EP15: Policy Management at Cloud-Scale with Anders Eknert from Styra

Key Learnings

What is the Open Policy Agent (OPA) Project?

The Open Policy Agent (OPA) is a framework designed for defining and running policies as code, decoupled from applications, for use cases like authorization, or policy for infrastructure. It allows organizations to maintain a unified approach to policy management across their entire technology stack. Styra, the company behind OPA, enhances its capabilities with two key products: Styra DAS and an enterprise distribution of OPA. Styra DAS is a commercial control plane for managing OPA at scale, handling the entire policy lifecycle. The enterprise distribution of OPA features a different runtime that consumes less memory, evaluates faster, and can connect to various data sources, providing more efficient and scalable policy management solutions.

What is Policy as Code?

Policy as code is a practice where policies and rules are defined, managed, and executed using code rather than through manual processes. This approach allows policies to be versioned, tested, and automated, similar to software development practices. By treating policies as code, organizations can ensure consistency, repeatability, and transparency in their policy enforcement, making it easier to manage and audit policies across complex environments. Tools like Open Policy Agent (OPA) (see above) facilitate policy as code by providing a framework to write, manage, and enforce policies programmatically.

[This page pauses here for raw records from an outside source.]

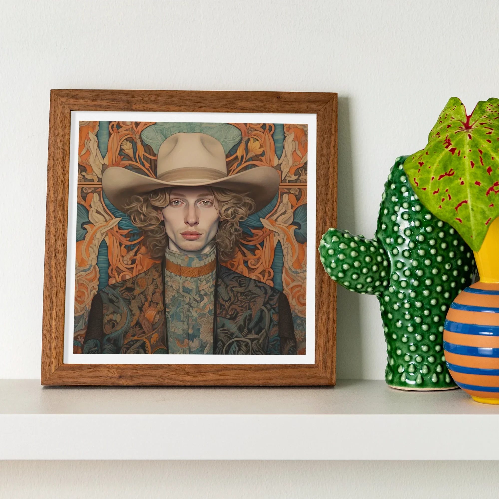 Questa stampa d'arte del cowboy gay dai capelli rossi rivendica il West americano, portando alla luce una storia in cui buckaroos androgini e dandy della frontiera vivevano, amavano e prosperavano. Qui, Reuben è sia leggenda che lettera d'amore—il suo ritratto una rivoluzione di tenerezza, il suo spirito intrecciato nell'età dell'oro del rinascimento LGBTQ+ del West. Una tela dove mascolinità, bellezza e libertà cavalcano fianco a fianco sotto un orizzonte dipinto di possibilità.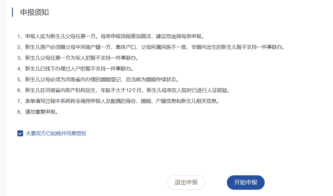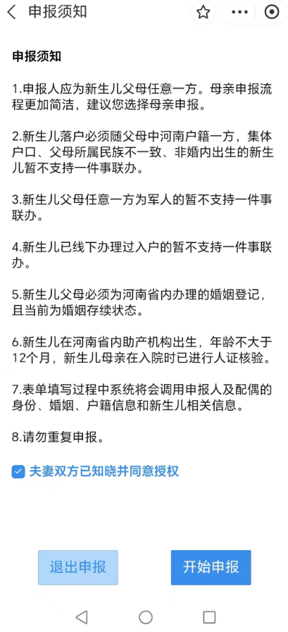 1.新生儿父母任意一方通过豫事办App或支付宝小程序登录账号,点击新生儿出生“一件事”,选择办理地区,阅读申报须知,表单填写过程中系统将会调用申报人及其配偶的身份、婚姻、户籍信息和新生儿的相关信息。同意授权后勾选夫妻双方已知晓并同意授权。点击“开始申报”,进行下一步。
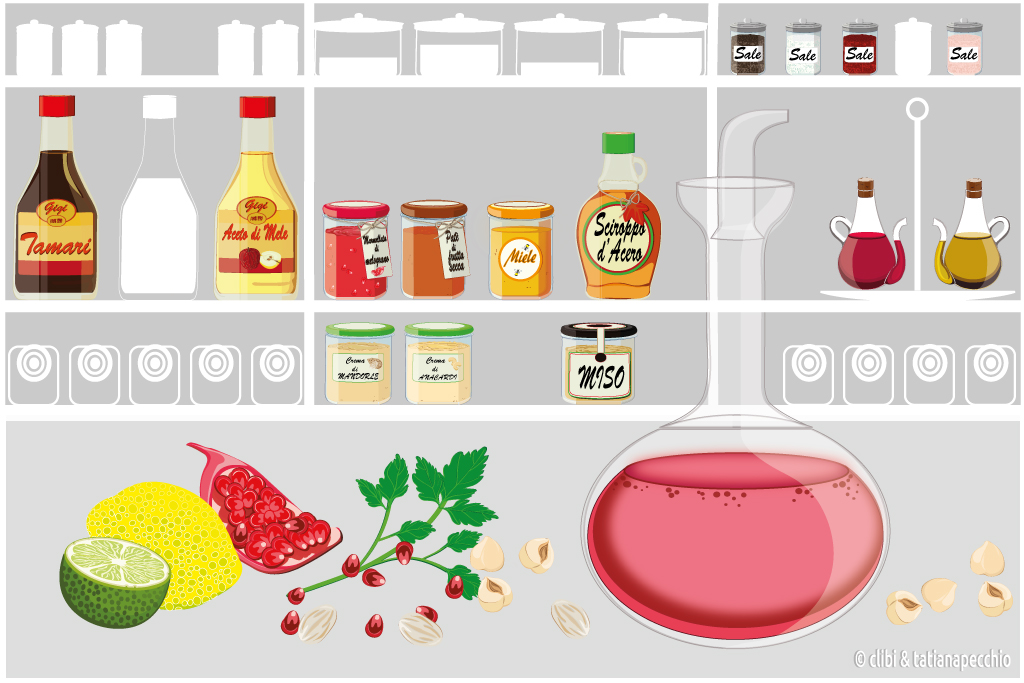 | The basic dressing is the union of three ingredients: one fat (oil), one acid (vinegar, citrus juice, pomegranate juice) and one that gives salinity (salt, tamari, nama shoyu, miso).

What are the available Policy as Code Tools?

Several tools are available for implementing Policy as Code. Some of the prominent ones include:

Open Policy Agent (OPA) : An open-source framework, to easily write, manage, test, and enforce policies for infrastructure modifications, service communication, and access permissions. See our podcast episode with Anders Eknert from Styra .
HashiCorp Sentinel : A policy as code framework deeply integrated with HashiCorp products like Terraform, Vault, and Consul.
Kubernetes Policy Controller (Kyverno) : A Kubernetes-native policy management tool that allows you to define, validate, and enforce policies for Kubernetes resources.
Azure Policy : A service in Microsoft Azure for enforcing organizational standards and assessing compliance.

These tools help ensure that policies are codified, version-controlled, and easily integrated into CI/CD pipelines, providing greater consistency and efficiency in policy management.

How will OPA help to Make Simplyblock even more Secure?

Integrating Open Policy Agent (OPA) with simplyblock and Kuberntes can enhance security in several ways: Centralized Policy Management: OPA allows defining and enforcing policies centrally, ensuring consistent security policies across all services and environments. Fine-Grained Access Control: OPA provides detailed control over who can access what, reducing the risk of unauthorized access. Policies can, for example, be used to limit access to simplyblock block devices or prevent unauthorized write mounts. Compliance and Auditing: OPA’s policies can be versioned and audited, helping simplyblock to meet your compliance requirements. Using simplyblock and OPA, you have proof of who was authorized to access your data storage at any point in time. Dynamic Policy Enforcement: OPA can enforce policies in real-time, responding to changes quickly and preventing security breaches.

Transcript

Chris Engelbert: Hello everyone, welcome back to this week’s episode of simplyblock’s Cloud Commute Podcast. Today I have a guest with me that I actually never met in person as far as I know. I don’t think we have. No. Maybe just say a few words about you, where you’re from, who you are, and what you’re working with.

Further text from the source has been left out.